Moldboard Part # - MB TMP 6.5 POLY
11275 
Lift Frame - LIFT FRM 2-MTR EZ CLASS (10')
18062 
Mounting Carton - MTG JEEP XJ 4W 82-96
15988 
Hyraulic Carton - HYD E58H PA 12V 1.5X10 PGRP
07550 
Light Carton - LIGHT SET NITE SABER 2


----------



## MLG (Nov 19, 2000)

You could consider fabricating a plow mount, or adapting a standard Meyer or other plow frame to fit your vehicle. I've fabricated custom plow mounts in the past. They are fun, but also take a lot of work. However, the guy who made the plow mount for my cherokee took a different approach that I hadn't seen before. It was a much simpler fabrication method and really a stoke of genious in terms of simplicity as I looked it over. 

What he did was take a bunch of steel plates about 3/8" thick x 3" x 8" and welded them together in an overlapping fashion to make the main arms that join the lower frame (the angle Iron part with the U shaped items that the plow attaches to) to the upper part which was some channel iron attached to the sides of the frame (behind the bumper). Then he just re-pourposed the standard Meyer horseshoe shaped upper surround that Meyer has been making for years. That part could have come off any Meyer plow built in the 70's and 80's. But using the plates I thought was a genious idea. It allowed him to overlap the plates and clamp them together as needed and then he just welded them together. It must have saved him many, many hours of fabrication time. As for strength, the Jeep has been used for plowing snow for many years. It's plenty strong.

Just thought I'd pass the tip along. If you can't find the mount you are looking for, this might be a viable way to go. Good luck.


----------



## theplowmeister (Nov 14, 2006)

Yes fisher makes plow mounts for all trucks made i the last 40 years


----------



## theplowmeister (Nov 14, 2006)

No fisher stopped making that plow mount.


----------



## Mems (Dec 19, 2009)

I am on my way to making a "better" plow mount than I currently have due to wanting more ground clearance. I have a meyer and I used an old style YJ plow frame and custom made some mounting "tabs" to the frame up front and then it sections back under the axle and then ties into the lower control mount. The pump is located on the standard upper mount with the lights and that is has been mounted to two flat pieces of 1/2" stock and mounted where one would normally put a winch mount.

My new mount with be exactly the same for the top pump piece. The new lower will have two pieces of 1/2" thick sheet metal that will mount to the side of the frame and extend downward towards the ground. The sheet is 9" wide by 12"'s tall. There will be two of them extending downward from the frame on either side of the vehicle, on the outside of the frame. Mine would be a bit bigger due to the 4 inch lift I have in my jeep. I will then weld in a piece of 2x4 that is 3/16 between the two pieces.
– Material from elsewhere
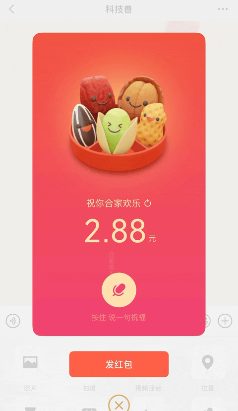 在发红包入口选择拜年红包即可使用,可以随机 9.99、8.88、6.66 等吉利金额和祝福,主打节日氛围。

This is be the mounting point for my meyer bracket where the plow fingers slip into. I will bolt on this meyer mounting bracket so that I can remove it one day if this doesnt work out but i dont see how it wont. This will allow me a little better articulation under the axle due to not having anything under it plus a little less weight. This mount will be just as low but I have thoughts of using large "pins" from Tractor supply to mount and dismount the meyer mount to the frame. Ill be working on this today and hope to have it up and running within the next few days. Ill post pics.


----------



## MLG (Nov 19, 2000)

Yeah, that sounds like it'll be pretty rugged.


----------